I thought about it more and more, and I realized that in this nation, sports and patriotism always travel hand in hand. Before every sporting event of any consequence, the national anthem is played or sung. In addition to that, before the larger events, there is usually some kind of military presence, one that could be as small as a 2 or 3 man color guard or as large as a stealth bomber flyover.

Should this be the case? I'm not so sure. While I understand the value of hearing the national anthem, and I certainly think it is important to note all of the good that this nation is capable of, does it really benefit us as Americans to constantly hear our national anthem before everyday sporting events? I can only speak from my own experience, but hearing the Star Spangled Banner before every sporting event has taken away a lot of the magic and grandeur of the song itself. It has become routine. And, as I look around the arena when the anthem plays, I seem to notice a lot of people who just don't care. They've been numbed to what it should stand for.

Furthermore, what exactly does sports have to do with this nation and with the military? How are they related? Doesn't it minimize the true impact of this nation's military to drag them out in front of a crowd every time a sporting event occurs? There are more important things for them to be worrying about than some ceremony before a game. Should we extend this routine further and sing the national anthem before every day of work? What about every time we leave our house?

I think we all realize that sports are less important than the war in Iraq or the military actions against Osama bin Laden--we don't need to be constantly reminded of it. If we really care about the military, we should send cards and letters to our soldiers (whether we are related to them or not) and do our best to ensure that the troops are paid what they deserve. Our perfunctory gestures of patriotism before each sporting event ring hollow. America is one of the few nations that intertwines so closely its national pride and patriotism with sporting events. Every now and again, those gestures are a poignant reminder of the power and beauty of this nation. Repeated often, they become little more than just another show.

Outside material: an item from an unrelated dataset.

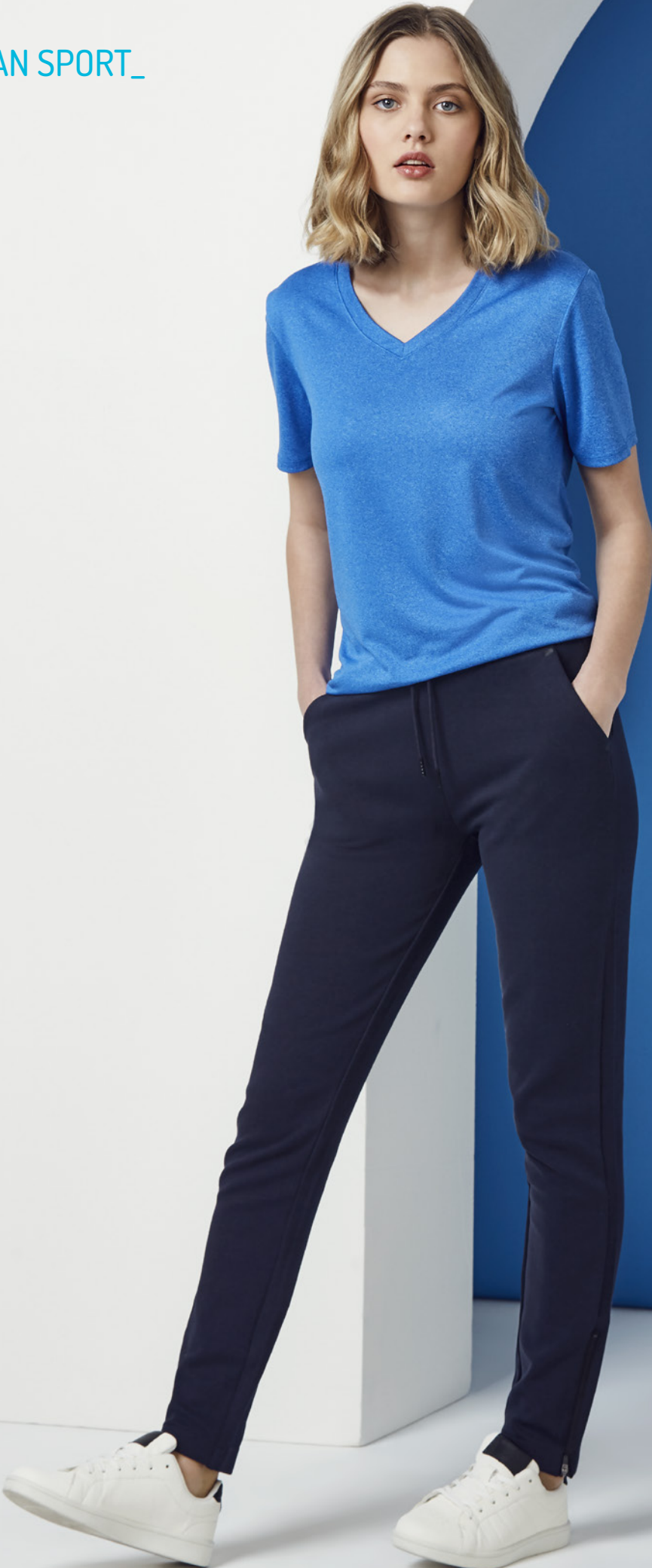
This page T800LS Aero Ladies Tee TP927L Neo Ladies Pant Also available in Mens

I would unquestionably be in favor of playing our national anthem during international events or the biggest games (Super Bowl, NBA Finals, World Series, Final Four, etc.). This would ensure people appreciate the anthem and its meaning more when they hear it, since they're not hearing it all the time. It's the mundane, repetitive replaying of the anthem before every single sporting event that I have a concern with. Americans can keep things in perspective just fine; we don't need to see the military or hear the anthem every time we congregate. It's too much. It's like if you tell someone how wonderful they are day in and day out, the compliments will eventually get old and boring. Sports are great. Patriotism is great. I just don't know if they're great together.